%%
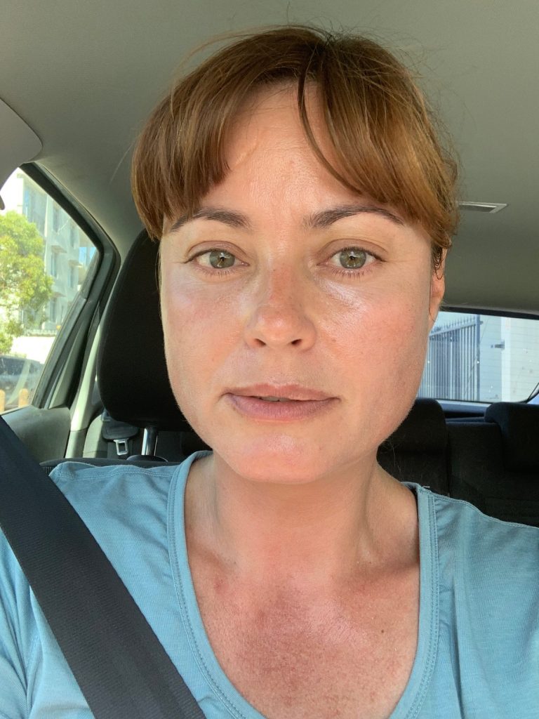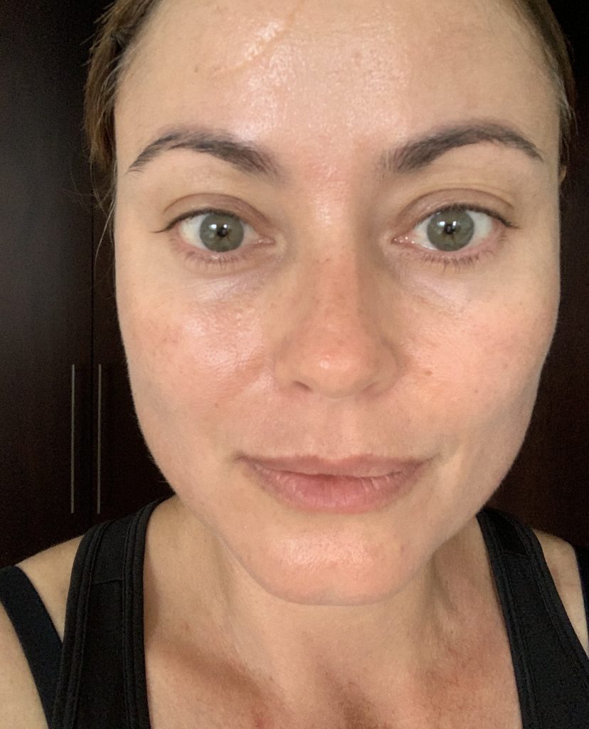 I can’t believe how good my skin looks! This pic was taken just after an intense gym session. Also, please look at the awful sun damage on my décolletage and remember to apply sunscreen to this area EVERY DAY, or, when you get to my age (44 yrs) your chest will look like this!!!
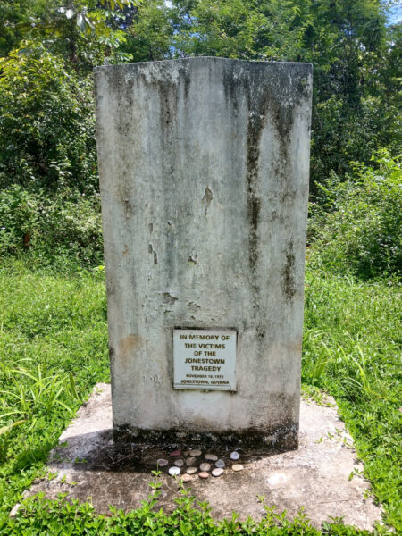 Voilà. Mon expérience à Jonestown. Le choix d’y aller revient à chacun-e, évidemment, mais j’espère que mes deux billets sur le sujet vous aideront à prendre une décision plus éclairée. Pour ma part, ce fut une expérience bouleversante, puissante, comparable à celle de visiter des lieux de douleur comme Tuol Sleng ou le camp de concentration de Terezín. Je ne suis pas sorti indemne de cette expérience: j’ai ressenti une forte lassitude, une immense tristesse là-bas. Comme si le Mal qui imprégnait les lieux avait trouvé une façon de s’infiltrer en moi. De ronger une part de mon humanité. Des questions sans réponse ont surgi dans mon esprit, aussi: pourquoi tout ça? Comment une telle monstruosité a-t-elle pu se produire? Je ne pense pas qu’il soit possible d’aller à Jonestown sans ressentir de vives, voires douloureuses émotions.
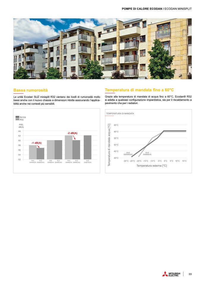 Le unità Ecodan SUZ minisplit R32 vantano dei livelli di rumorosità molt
%%
## ABOUT THIS EXERCISE
Copy every line of the data word for word, omitting the images.

## TASK RESULT
 I can’t believe how good my skin looks! This pic was taken just after an intense gym session. Also, please look at the awful sun damage on my décolletage and remember to apply sunscreen to this area EVERY DAY, or, when you get to my age (44 yrs) your chest will look like this!!!
 Voilà. Mon expérience à Jonestown. Le choix d’y aller revient à chacun-e, évidemment, mais j’espère que mes deux billets sur le sujet vous aideront à prendre une décision plus éclairée. Pour ma part, ce fut une expérience bouleversante, puissante, comparable à celle de visiter des lieux de douleur comme Tuol Sleng ou le camp de concentration de Terezín. Je ne suis pas sorti indemne de cette expérience: j’ai ressenti une forte lassitude, une immense tristesse là-bas. Comme si le Mal qui imprégnait les lieux avait trouvé une façon de s’infiltrer en moi. De ronger une part de mon humanité. Des questions sans réponse ont surgi dans mon esprit, aussi: pourquoi tout ça? Comment une telle monstruosité a-t-elle pu se produire? Je ne pense pas qu’il soit possible d’aller à Jonestown sans ressentir de vives, voires douloureuses émotions.
 Le unità Ecodan SUZ minisplit R32 vantano dei livelli di rumorosità molt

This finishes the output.